# DIRECTIONS FOR THIS TASK:
Word for word, retype the lines from the one containing "The apartment is" to the one containing "Our stretched canvas" below, keeping both end lines and dropping the pictures.

# EXERCISE DATA:

== Segment start ==

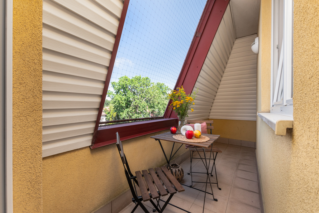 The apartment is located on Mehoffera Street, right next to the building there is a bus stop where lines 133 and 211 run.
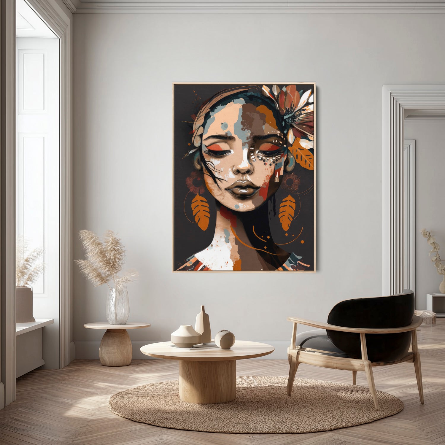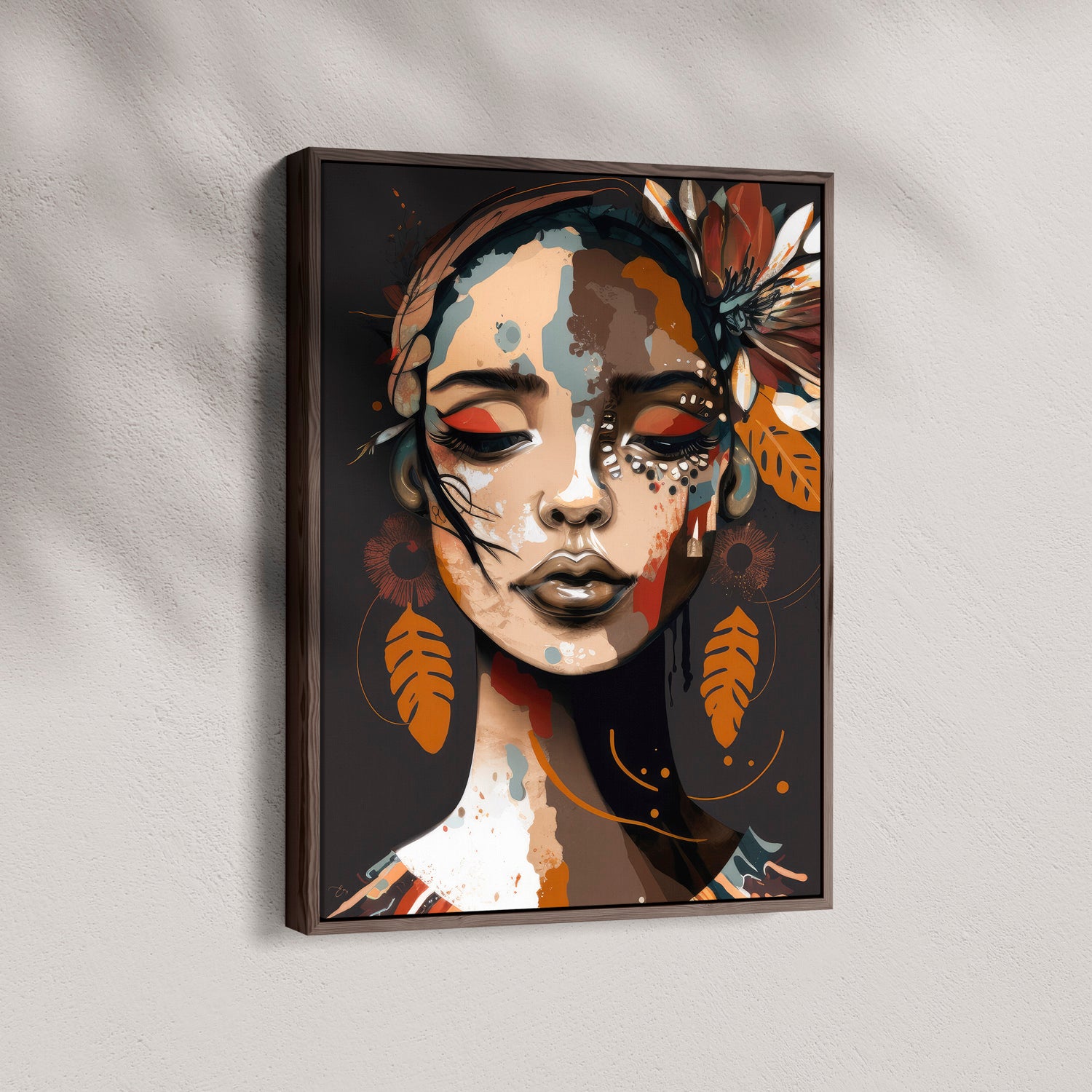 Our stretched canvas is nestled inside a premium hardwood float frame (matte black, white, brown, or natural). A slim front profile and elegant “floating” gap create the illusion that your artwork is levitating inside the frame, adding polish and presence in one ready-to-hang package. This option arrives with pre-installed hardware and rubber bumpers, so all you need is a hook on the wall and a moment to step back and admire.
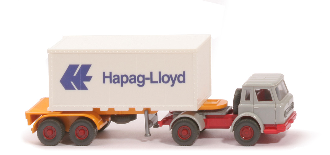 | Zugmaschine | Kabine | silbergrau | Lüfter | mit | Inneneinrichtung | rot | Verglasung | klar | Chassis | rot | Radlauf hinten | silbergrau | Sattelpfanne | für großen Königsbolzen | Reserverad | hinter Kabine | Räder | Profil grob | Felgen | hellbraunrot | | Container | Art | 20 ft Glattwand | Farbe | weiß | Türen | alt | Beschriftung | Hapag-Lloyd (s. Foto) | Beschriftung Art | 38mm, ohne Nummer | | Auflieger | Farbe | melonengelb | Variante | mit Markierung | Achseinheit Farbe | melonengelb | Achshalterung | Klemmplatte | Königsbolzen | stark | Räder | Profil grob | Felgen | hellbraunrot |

== Segment end ==
== Segment start ==

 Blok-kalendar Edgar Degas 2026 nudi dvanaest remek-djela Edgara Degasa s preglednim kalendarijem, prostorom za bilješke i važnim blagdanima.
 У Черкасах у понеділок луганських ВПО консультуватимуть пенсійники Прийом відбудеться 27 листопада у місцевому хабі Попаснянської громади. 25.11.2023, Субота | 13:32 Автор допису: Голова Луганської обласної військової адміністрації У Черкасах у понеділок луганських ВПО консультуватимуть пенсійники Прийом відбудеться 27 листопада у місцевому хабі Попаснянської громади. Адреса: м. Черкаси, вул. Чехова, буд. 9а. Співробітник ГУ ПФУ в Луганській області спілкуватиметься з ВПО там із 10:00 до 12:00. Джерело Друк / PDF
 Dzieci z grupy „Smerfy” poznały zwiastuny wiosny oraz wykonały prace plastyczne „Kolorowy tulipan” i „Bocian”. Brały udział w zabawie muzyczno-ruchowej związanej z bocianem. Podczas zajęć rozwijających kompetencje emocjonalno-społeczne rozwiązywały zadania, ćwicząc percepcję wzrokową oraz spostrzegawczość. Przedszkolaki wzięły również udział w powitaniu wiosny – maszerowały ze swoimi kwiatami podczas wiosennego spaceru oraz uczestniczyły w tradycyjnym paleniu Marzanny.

== Segment end ==
== Segment start ==

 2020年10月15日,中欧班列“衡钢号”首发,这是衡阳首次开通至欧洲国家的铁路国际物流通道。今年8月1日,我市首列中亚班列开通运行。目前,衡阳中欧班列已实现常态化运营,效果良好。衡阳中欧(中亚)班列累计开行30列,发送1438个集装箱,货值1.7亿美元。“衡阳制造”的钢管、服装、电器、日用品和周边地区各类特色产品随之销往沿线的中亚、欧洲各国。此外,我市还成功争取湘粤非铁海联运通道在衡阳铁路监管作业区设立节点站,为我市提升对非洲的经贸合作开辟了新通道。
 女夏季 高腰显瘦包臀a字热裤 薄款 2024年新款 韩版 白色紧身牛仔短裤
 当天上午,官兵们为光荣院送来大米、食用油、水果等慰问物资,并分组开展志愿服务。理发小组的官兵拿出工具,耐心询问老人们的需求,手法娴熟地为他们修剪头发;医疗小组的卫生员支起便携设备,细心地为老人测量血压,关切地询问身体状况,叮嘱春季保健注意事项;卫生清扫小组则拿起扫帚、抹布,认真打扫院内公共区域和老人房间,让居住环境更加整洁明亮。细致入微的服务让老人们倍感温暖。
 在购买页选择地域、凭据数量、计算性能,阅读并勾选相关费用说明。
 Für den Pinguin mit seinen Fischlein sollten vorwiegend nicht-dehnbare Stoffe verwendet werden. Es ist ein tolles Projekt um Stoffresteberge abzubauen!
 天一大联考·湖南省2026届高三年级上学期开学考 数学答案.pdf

== Segment end ==

# SOLUTION BELOW:
 The apartment is located on Mehoffera Street, right next to the building there is a bus stop where lines 133 and 211 run.
 Our stretched canvas is nestled inside a premium hardwood float frame (matte black, white, brown, or natural). A slim front profile and elegant “floating” gap create the illusion that your artwork is levitating inside the frame, adding polish and presence in one ready-to-hang package. This option arrives with pre-installed hardware and rubber bumpers, so all you need is a hook on the wall and a moment to step back and admire.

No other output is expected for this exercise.